Part of the problem is Imriel himself. He has his moments of improvement as well in this book. While he’s married to Dorelei he actually grows as a character. I actually don’t mind him so much. I even find myself starting to care. His relationship with Dorelei is strong, it develops, unlike his “relationship” with his cousin Sidonie. It becomes more reminiscent of the wonderful relationship growth she portrays between Joscelin and Phèdre and I found myself actually enjoying it.

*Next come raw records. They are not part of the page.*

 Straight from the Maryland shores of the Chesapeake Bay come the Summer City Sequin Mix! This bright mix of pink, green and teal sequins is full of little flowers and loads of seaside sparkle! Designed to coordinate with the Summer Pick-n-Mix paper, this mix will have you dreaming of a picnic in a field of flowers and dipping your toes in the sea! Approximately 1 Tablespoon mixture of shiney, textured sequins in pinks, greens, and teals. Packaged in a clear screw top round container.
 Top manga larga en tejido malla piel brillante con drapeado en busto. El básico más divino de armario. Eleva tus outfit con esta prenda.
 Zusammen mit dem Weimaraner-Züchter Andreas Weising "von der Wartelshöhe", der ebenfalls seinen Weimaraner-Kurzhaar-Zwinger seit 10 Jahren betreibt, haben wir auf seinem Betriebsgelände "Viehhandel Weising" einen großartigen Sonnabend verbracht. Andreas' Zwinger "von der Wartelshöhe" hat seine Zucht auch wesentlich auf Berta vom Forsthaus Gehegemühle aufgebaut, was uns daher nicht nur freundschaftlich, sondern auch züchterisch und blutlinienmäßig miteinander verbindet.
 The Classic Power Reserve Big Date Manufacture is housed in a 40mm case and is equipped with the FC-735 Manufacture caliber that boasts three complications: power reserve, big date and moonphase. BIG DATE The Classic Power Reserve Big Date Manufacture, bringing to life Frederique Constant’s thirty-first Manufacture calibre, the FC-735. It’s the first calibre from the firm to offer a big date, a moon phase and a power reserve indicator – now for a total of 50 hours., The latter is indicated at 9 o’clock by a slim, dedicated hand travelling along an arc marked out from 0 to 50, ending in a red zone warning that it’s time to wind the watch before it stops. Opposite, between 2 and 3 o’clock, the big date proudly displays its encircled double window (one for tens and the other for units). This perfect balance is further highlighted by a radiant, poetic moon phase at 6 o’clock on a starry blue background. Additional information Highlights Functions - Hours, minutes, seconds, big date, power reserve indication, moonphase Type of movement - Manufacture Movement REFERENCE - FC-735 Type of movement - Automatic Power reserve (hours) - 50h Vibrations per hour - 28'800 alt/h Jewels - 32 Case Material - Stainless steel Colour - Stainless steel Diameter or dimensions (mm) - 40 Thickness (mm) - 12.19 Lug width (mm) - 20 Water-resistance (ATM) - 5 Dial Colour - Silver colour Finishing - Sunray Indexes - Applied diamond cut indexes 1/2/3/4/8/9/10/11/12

And then… [Spoiler. Highlight to read] Dorelei dies. DIES! What a cop out! How about having characters that have to live and grow beyond their selfish wants? How about letting Imriel and Dorelei grow together as a couple, overcome all their trials and tribulations together? No, let’s just make it easy by killing her off so that Emoriel (as I have come to think of him) can go back to his unbelievable Romeo and Juliet-style relationship with Sidonie! I don’t buy that relationship for a second. I don’t care about Sidonie, I don’t care about Emoriel.[End spoiler] I don’t care so much that I put the book down and never picked it back up, even though I intend to. And I got to the part where it should have been exciting. The revenge ought to get the blood going. But I simply. Did. Not. Care.

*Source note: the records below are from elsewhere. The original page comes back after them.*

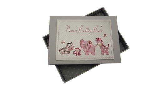 A Gorgeous Nana?s Boasting Book. A stunning pink handmade plaque on a Tiny White Album. Album holds 32 photos, size 6x4 cm in 16 plastic wallets. White Cotton Cards is a handmade cards and gift company. All Cards and Gifts at White Cotton Cards are individually handmade in the United Kingdom making each product you purchase from us truly unique and just like you, that extra bit special. At white cotton cards we take pride in our work and every effort is made to make each product perfect. We cater for every occasion and are constantly designing new ranges to keep you coming back for more.
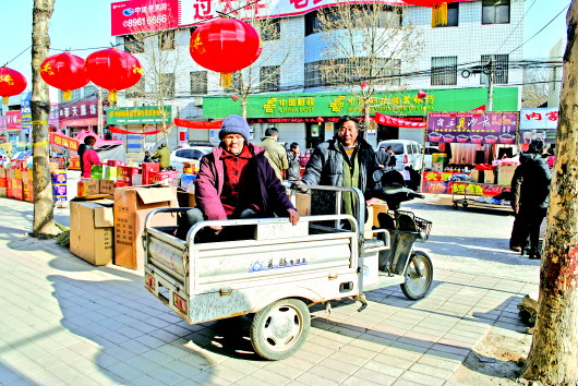◥每年正月十六孝里镇庙会,徐吉文都会用电动三轮车拉着奶奶赶会听戏。
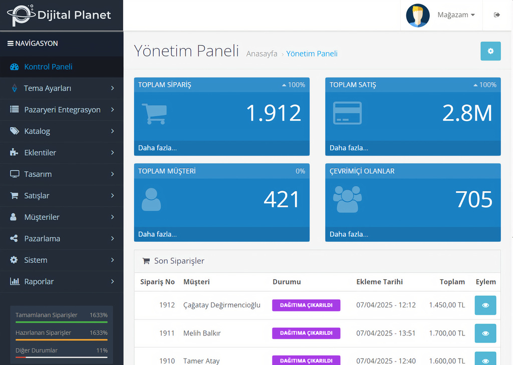 E-ticaret dünyasında fark yaratmak için ihtiyaç duyduğunuz her şey burada. Dijital Planet olarak, güçlü alt yapımız, kullanıcı dostu tasarımlarımız ve satış odaklı çözümlerimizle markanızı dijitalde büyütmenize yardımcı oluyoruz.
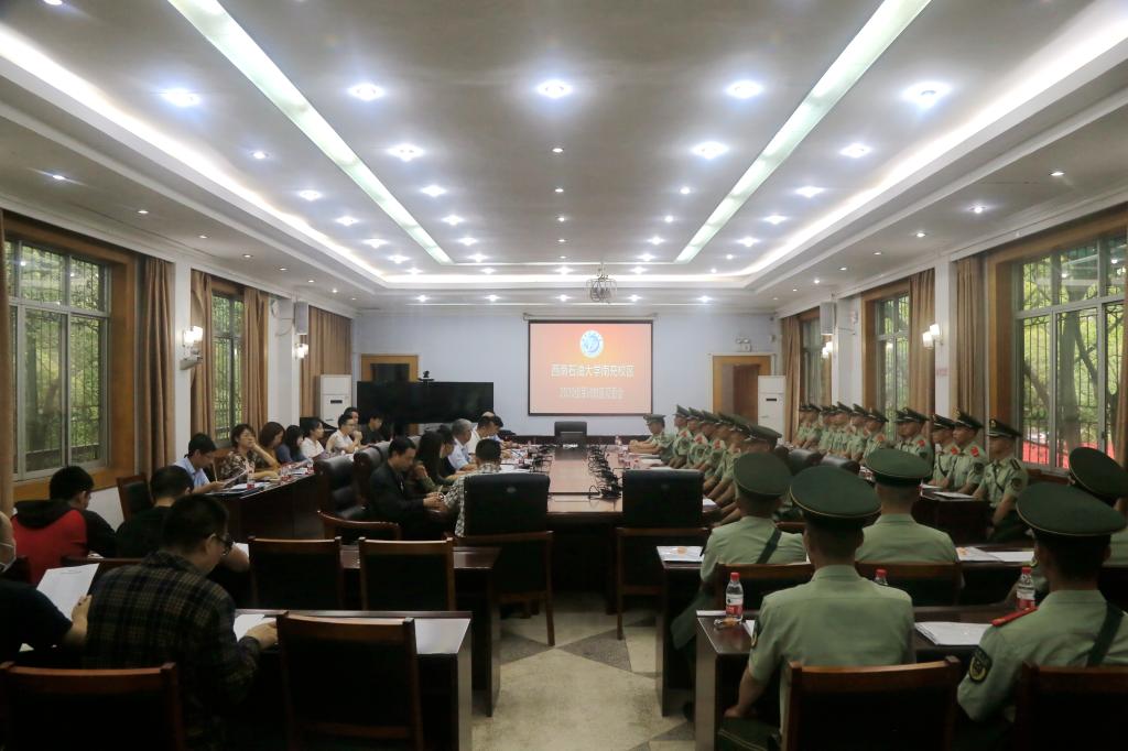 王勝軍對承擔本次軍訓(xùn)任務(wù)的全體官兵表示歡迎和感謝。他組織大家學習了《西南石油大學南充校區(qū)2021年軍訓(xùn)疫情防控工作方案》,介紹了2020級軍訓(xùn)工作時間、內(nèi)容、注意事項及軍訓(xùn)建制安排。

Among other things, Jacqueline Carey‘s prose has taken a plummet. The flowery tone is inconsistent and sentences are often choppy and plagued with grammatical mistakes. The plot is far too thin for the length of the book. And the sex! I can’t believe I’m saying this, but there was too much sex. And it has nothing to do with quantity (though there definitely was quite a bit of it), but quality. Or really, lack thereof. With the exceptions of the scenes with Dorelei, they’re all repetitive and boring. I don’t care how hot Emoriel is for Sidonie. I don’t want to hear about Sidonie’s young, creamy, tight flesh over and over again. And I know Phèdre was an odd creature, but I was never before under the impression that D’Angeline women turned on like faucets if a man just looks at them right. When did that happen?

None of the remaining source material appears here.